Problem statement:
Using only the entries below, output the lines starting at the one containing "襟リブは、襟の添いを優先し襟" and ending at the one containing "Lomira är en", exactly and inclusive of both, omitting the pictures.
[[ Given data, beginning ]]
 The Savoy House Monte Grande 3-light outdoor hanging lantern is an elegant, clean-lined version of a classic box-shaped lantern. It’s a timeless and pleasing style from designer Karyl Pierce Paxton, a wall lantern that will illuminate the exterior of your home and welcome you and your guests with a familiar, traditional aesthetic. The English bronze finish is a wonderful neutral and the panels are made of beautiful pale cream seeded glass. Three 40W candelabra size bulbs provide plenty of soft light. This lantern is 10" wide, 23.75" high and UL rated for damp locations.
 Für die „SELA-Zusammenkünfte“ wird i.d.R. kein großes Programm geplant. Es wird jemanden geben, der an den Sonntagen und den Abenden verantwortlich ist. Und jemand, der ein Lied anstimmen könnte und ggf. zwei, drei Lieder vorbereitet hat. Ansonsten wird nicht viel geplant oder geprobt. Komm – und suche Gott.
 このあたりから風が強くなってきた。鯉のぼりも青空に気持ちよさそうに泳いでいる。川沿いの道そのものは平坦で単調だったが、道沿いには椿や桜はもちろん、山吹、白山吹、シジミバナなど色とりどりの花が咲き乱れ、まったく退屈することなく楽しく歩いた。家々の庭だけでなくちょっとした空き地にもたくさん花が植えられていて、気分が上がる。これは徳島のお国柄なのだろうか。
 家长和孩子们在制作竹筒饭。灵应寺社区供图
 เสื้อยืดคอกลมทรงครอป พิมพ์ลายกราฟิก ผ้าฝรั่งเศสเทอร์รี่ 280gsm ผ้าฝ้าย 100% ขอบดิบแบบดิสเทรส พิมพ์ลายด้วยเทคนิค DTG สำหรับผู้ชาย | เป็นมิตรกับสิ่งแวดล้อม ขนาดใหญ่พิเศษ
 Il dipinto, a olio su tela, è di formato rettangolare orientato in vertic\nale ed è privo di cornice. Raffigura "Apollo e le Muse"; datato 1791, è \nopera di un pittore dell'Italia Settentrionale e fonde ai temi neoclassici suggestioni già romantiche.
[[ Given data, end ]]
[[ Given data, beginning ]]
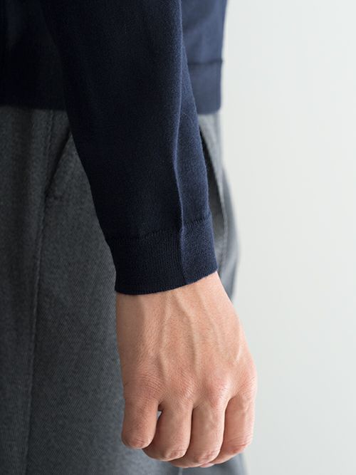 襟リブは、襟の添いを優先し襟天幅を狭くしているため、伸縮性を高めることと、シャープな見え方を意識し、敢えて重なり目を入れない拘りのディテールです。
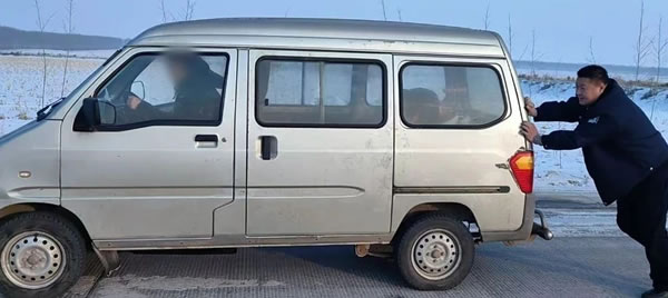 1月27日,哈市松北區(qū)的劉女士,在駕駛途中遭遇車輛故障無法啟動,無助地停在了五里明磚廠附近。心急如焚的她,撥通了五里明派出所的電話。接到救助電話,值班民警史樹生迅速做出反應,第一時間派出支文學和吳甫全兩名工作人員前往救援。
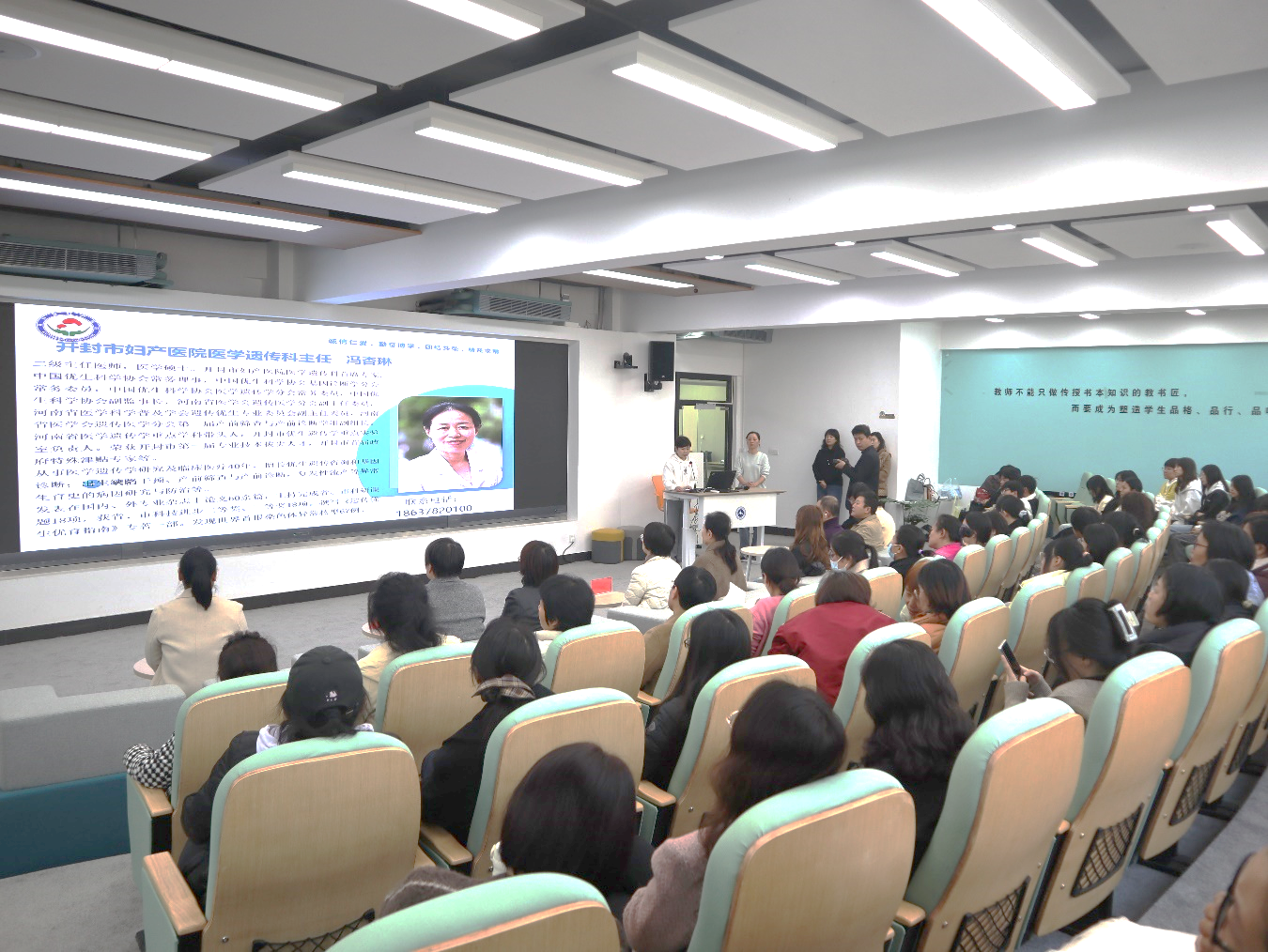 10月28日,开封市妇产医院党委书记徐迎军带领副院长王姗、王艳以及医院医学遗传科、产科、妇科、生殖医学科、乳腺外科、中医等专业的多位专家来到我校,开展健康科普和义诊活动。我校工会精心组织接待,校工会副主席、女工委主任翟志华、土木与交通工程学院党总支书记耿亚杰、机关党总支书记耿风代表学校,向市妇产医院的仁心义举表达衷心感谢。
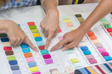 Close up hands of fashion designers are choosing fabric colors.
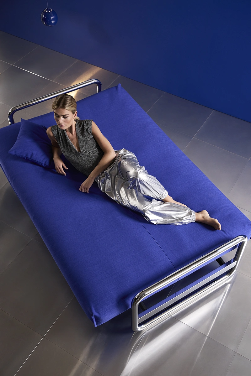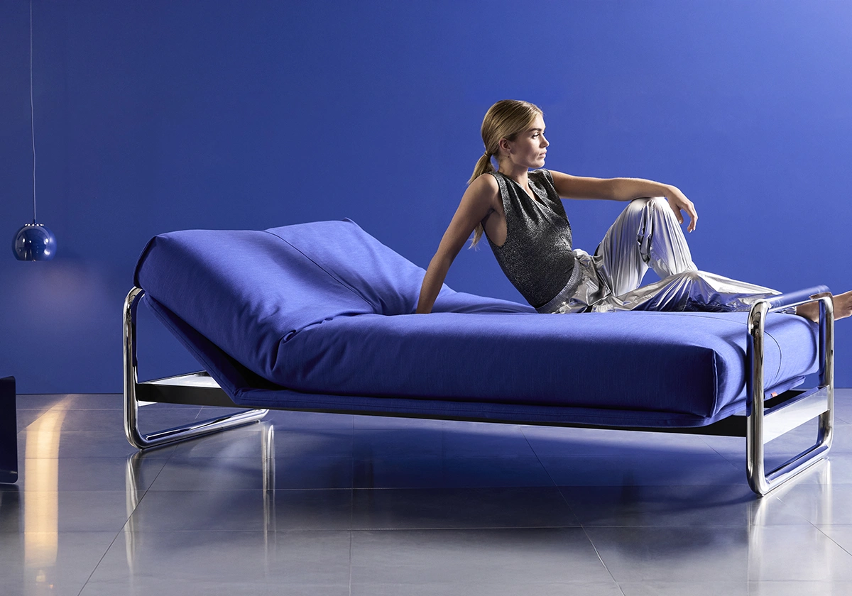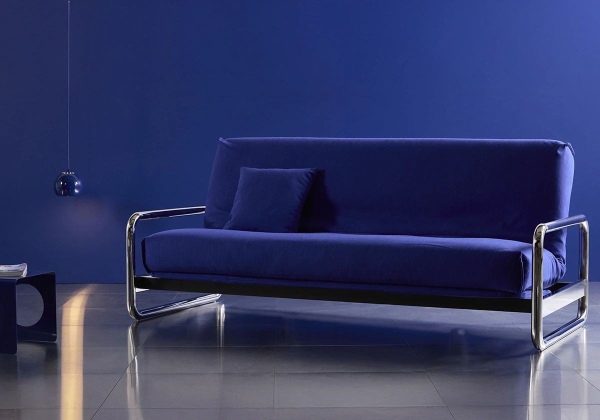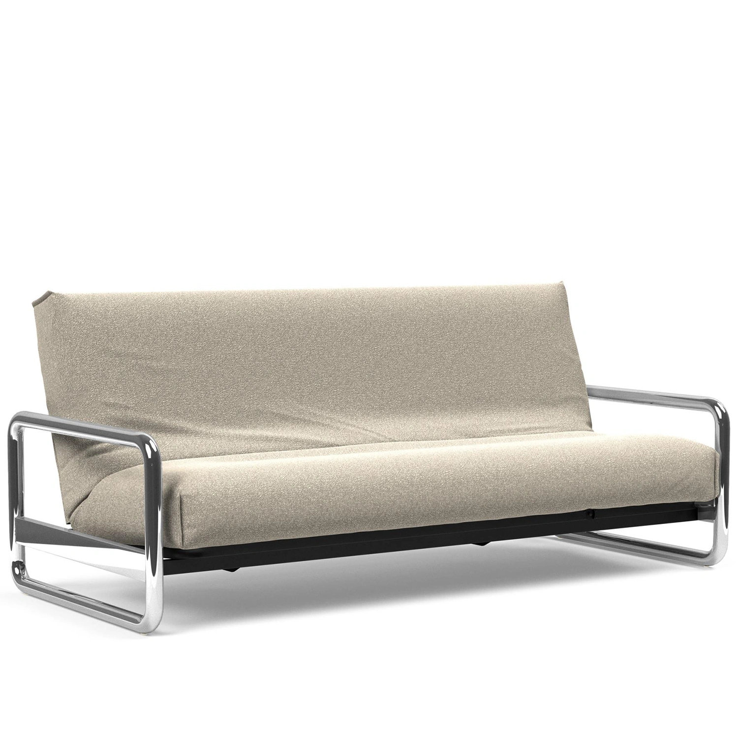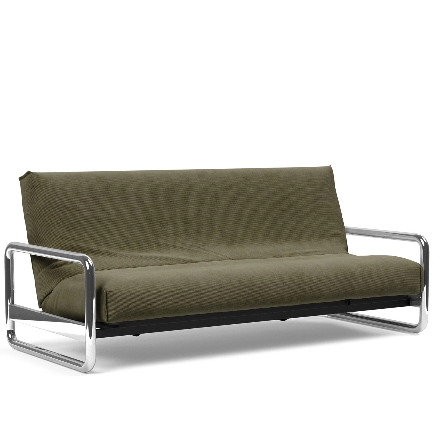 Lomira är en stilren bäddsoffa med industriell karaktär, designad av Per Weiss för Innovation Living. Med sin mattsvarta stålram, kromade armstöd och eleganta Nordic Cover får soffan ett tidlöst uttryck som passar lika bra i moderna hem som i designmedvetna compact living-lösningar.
[[ Given data, end ]]
[[ Given data, beginning ]]
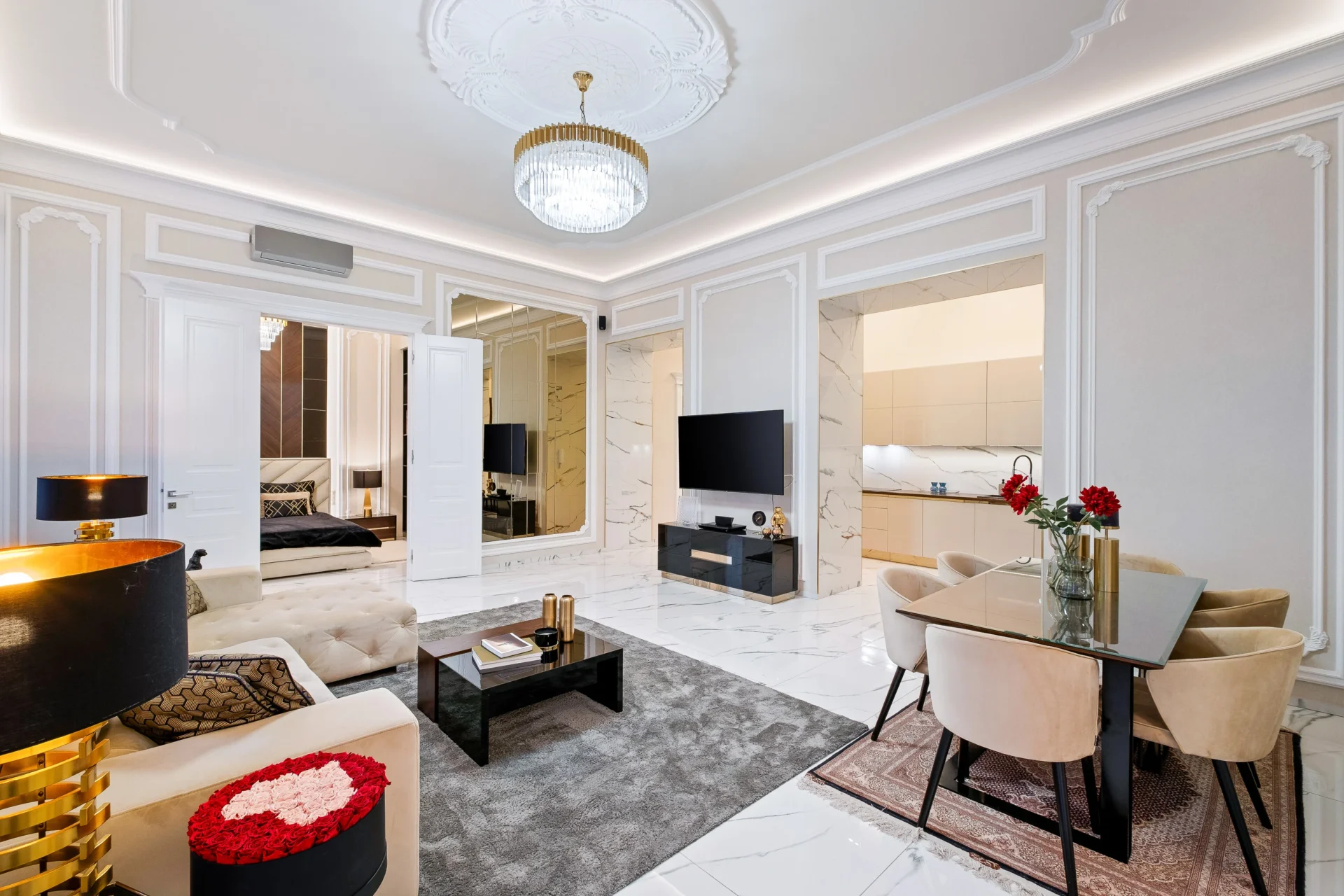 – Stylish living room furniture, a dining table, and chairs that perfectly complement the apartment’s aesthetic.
[[ Given data, end ]]
Output of the exercise:
 襟リブは、襟の添いを優先し襟天幅を狭くしているため、伸縮性を高めることと、シャープな見え方を意識し、敢えて重なり目を入れない拘りのディテールです。
 1月27日,哈市松北區(qū)的劉女士,在駕駛途中遭遇車輛故障無法啟動,無助地停在了五里明磚廠附近。心急如焚的她,撥通了五里明派出所的電話。接到救助電話,值班民警史樹生迅速做出反應,第一時間派出支文學和吳甫全兩名工作人員前往救援。
 10月28日,开封市妇产医院党委书记徐迎军带领副院长王姗、王艳以及医院医学遗传科、产科、妇科、生殖医学科、乳腺外科、中医等专业的多位专家来到我校,开展健康科普和义诊活动。我校工会精心组织接待,校工会副主席、女工委主任翟志华、土木与交通工程学院党总支书记耿亚杰、机关党总支书记耿风代表学校,向市妇产医院的仁心义举表达衷心感谢。
 Close up hands of fashion designers are choosing fabric colors.
 Lomira är en stilren bäddsoffa med industriell karaktär, designad av Per Weiss för Innovation Living. Med sin mattsvarta stålram, kromade armstöd och eleganta Nordic Cover får soffan ett tidlöst uttryck som passar lika bra i moderna hem som i designmedvetna compact living-lösningar.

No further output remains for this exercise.